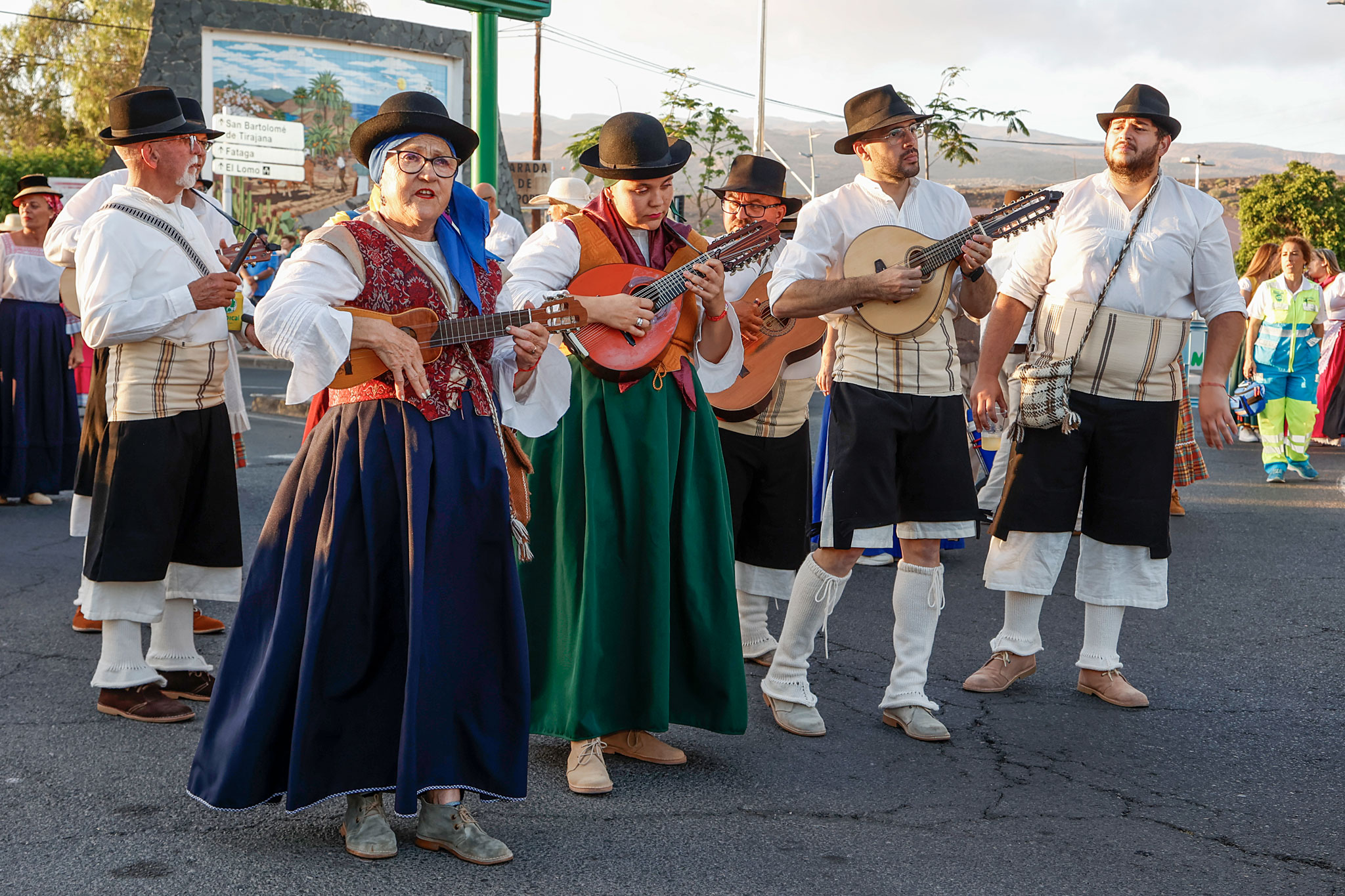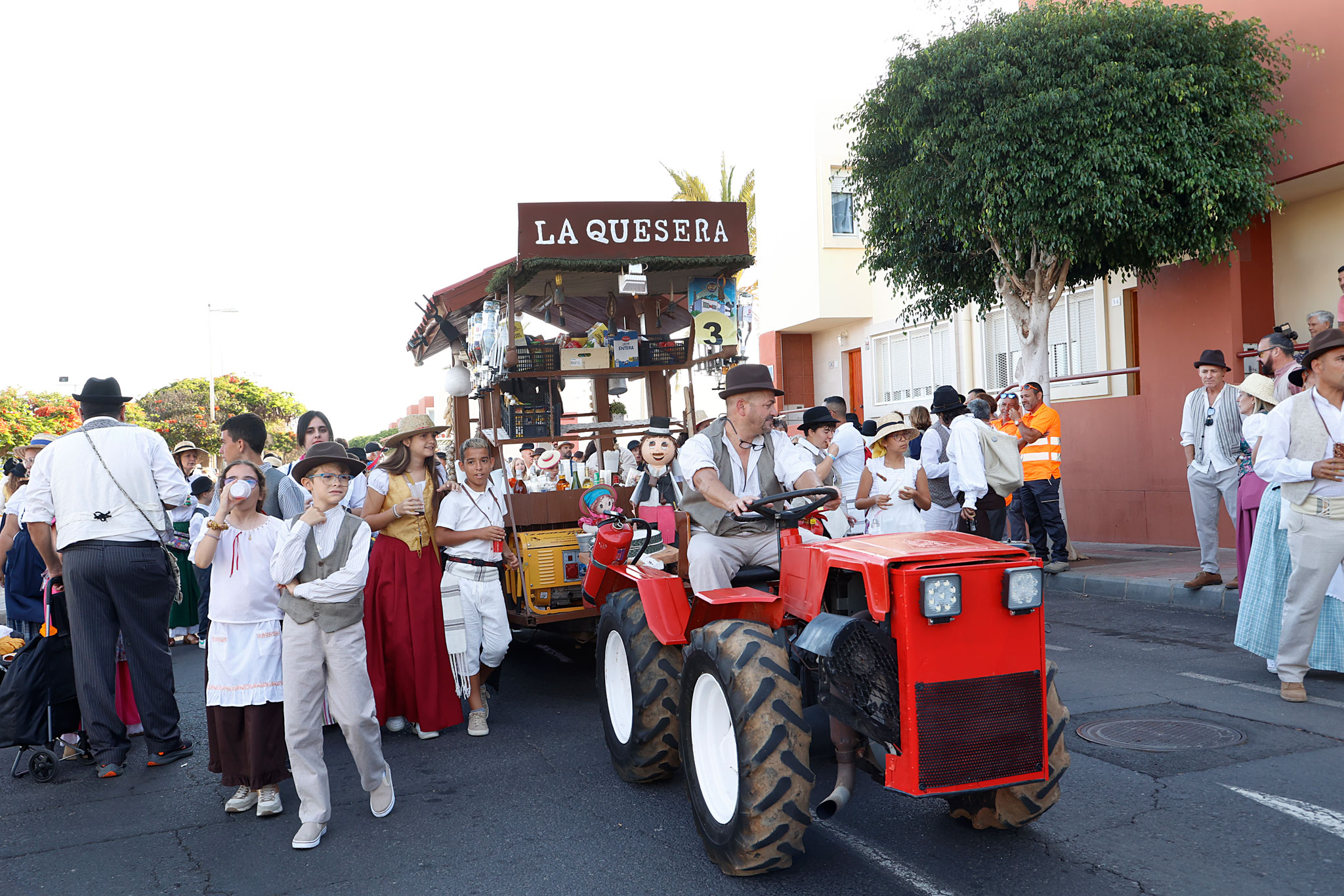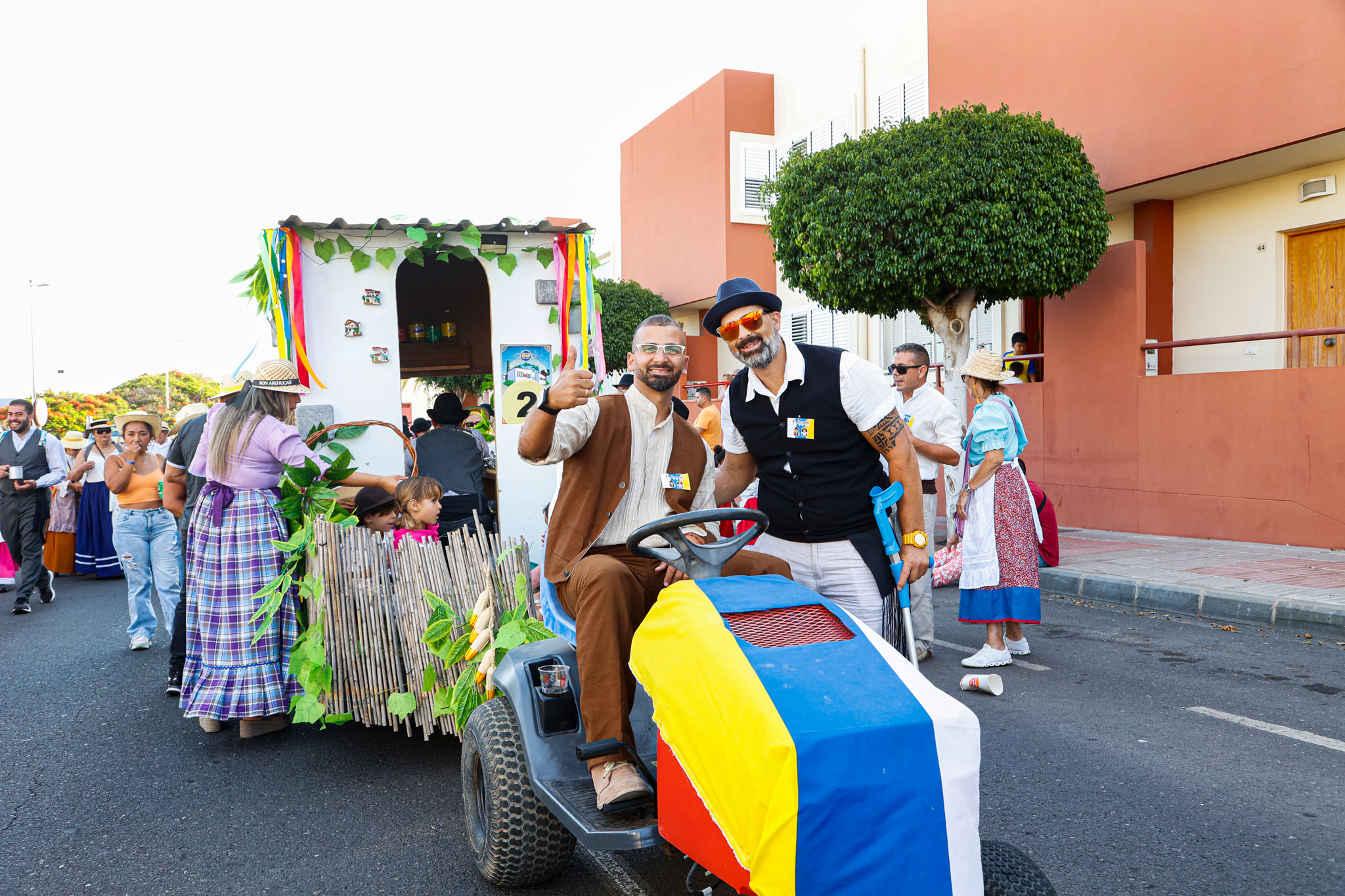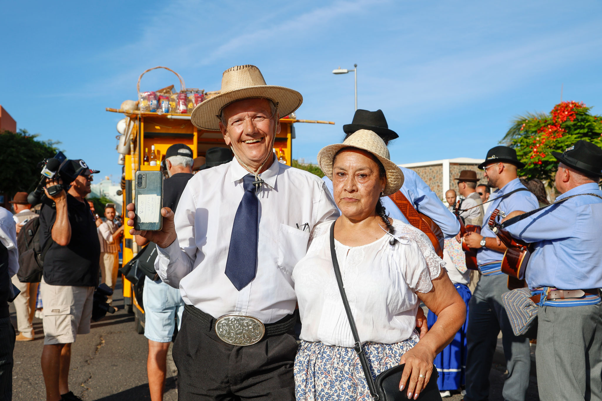 Tras el chupinazo de salida, las cuatro carretas participantes partieron al son de las agrupaciones folclóricas que pusieron la banda sonora a todo el recorrido. Así, las Isas, Folías, Malagueñas… impregnaron las calles Mogán, avenida de Tunte, de Gáldar, calle Hernández González, y la avenida de Tejeda hasta llegar a la plaza de San Fernando.
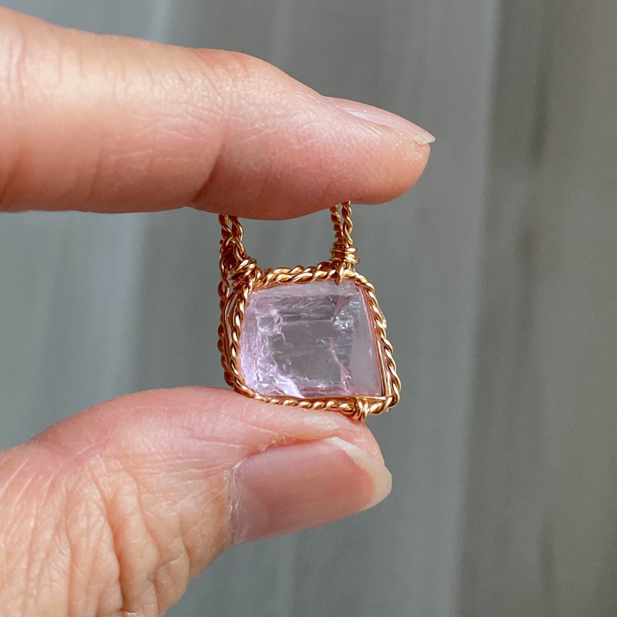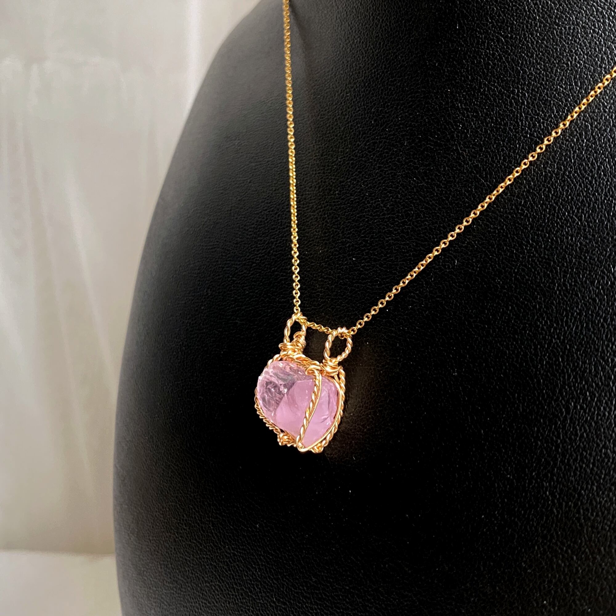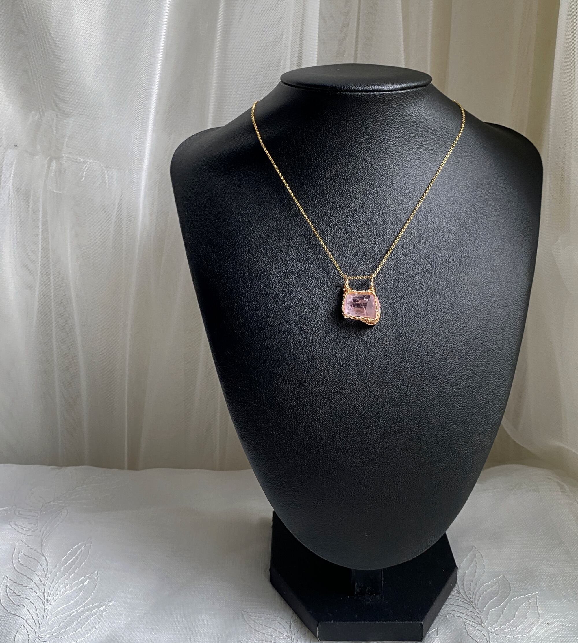 使用材料:クンツァイト結晶原石(産地不明)、アーティスティックワイヤー
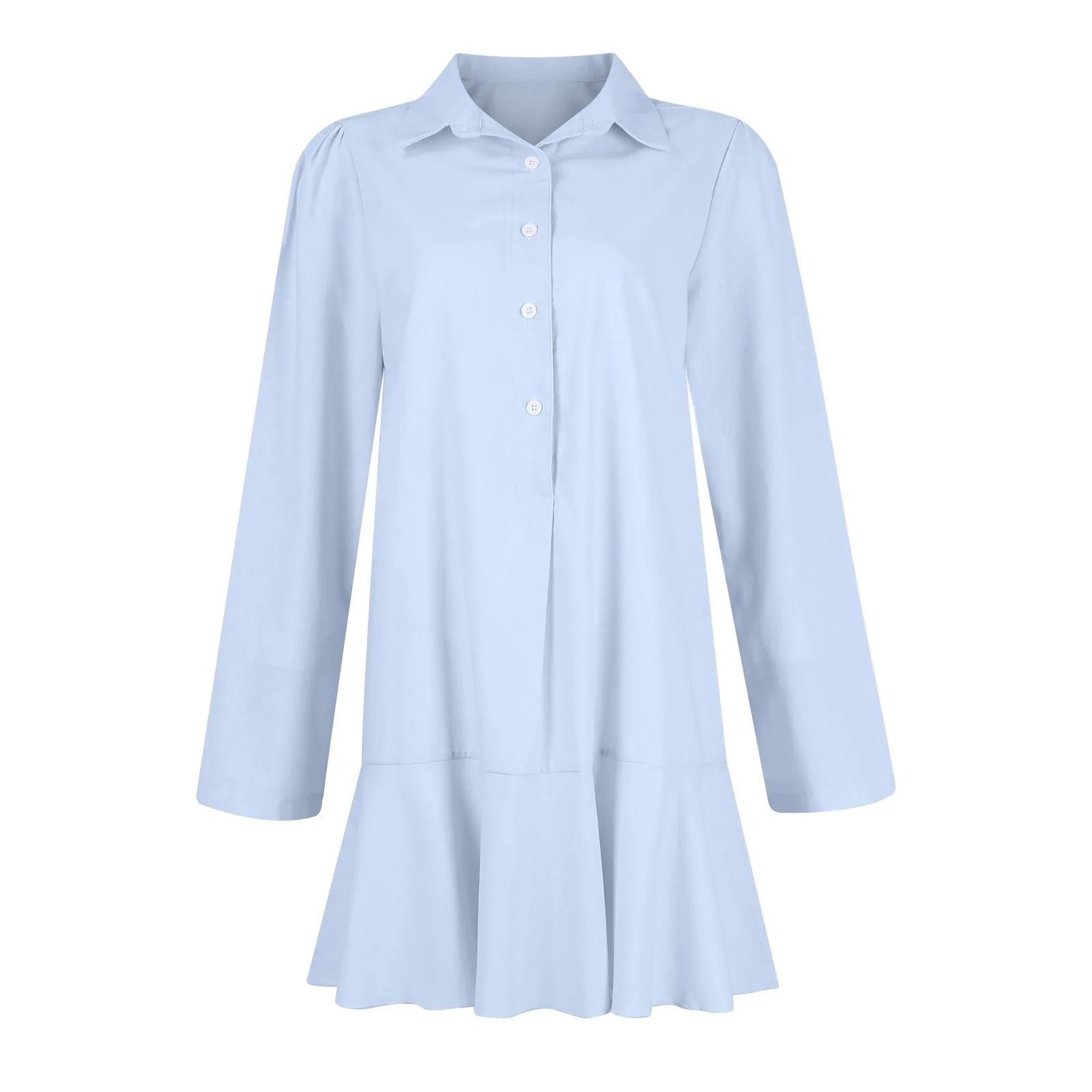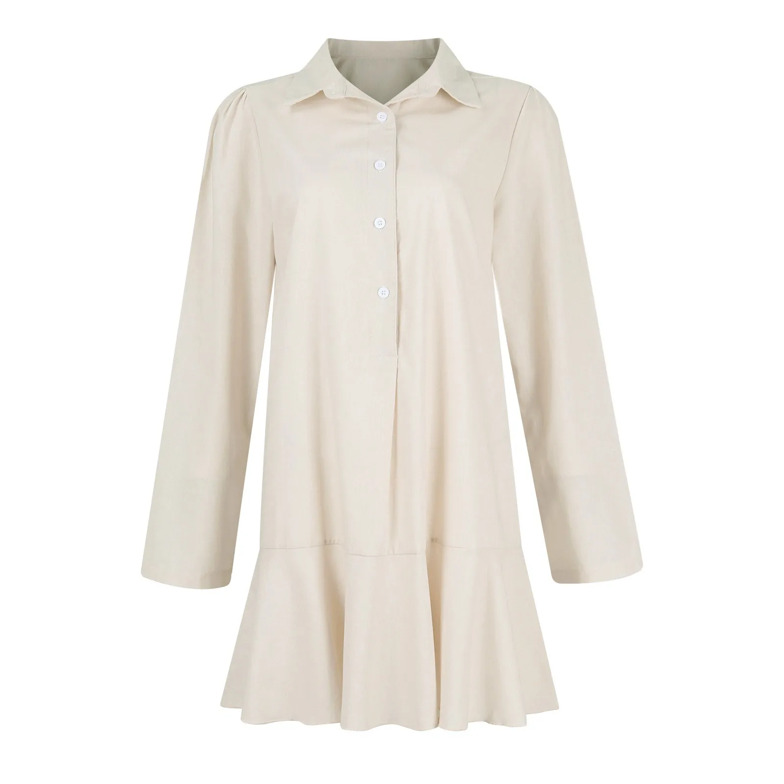 Cyflymder Fashion Casual Commute Half Open Shirt Hem Ruffle Classic Solid Color 3/4 Sleeve Turn-down Collar Knee Length Dress For Ladies

--------------------------------

Copy the listing above exactly, minus the pictures.

Answer below =
 Tras el chupinazo de salida, las cuatro carretas participantes partieron al son de las agrupaciones folclóricas que pusieron la banda sonora a todo el recorrido. Así, las Isas, Folías, Malagueñas… impregnaron las calles Mogán, avenida de Tunte, de Gáldar, calle Hernández González, y la avenida de Tejeda hasta llegar a la plaza de San Fernando.
 使用材料:クンツァイト結晶原石(産地不明)、アーティスティックワイヤー
 Cyflymder Fashion Casual Commute Half Open Shirt Hem Ruffle Classic Solid Color 3/4 Sleeve Turn-down Collar Knee Length Dress For Ladies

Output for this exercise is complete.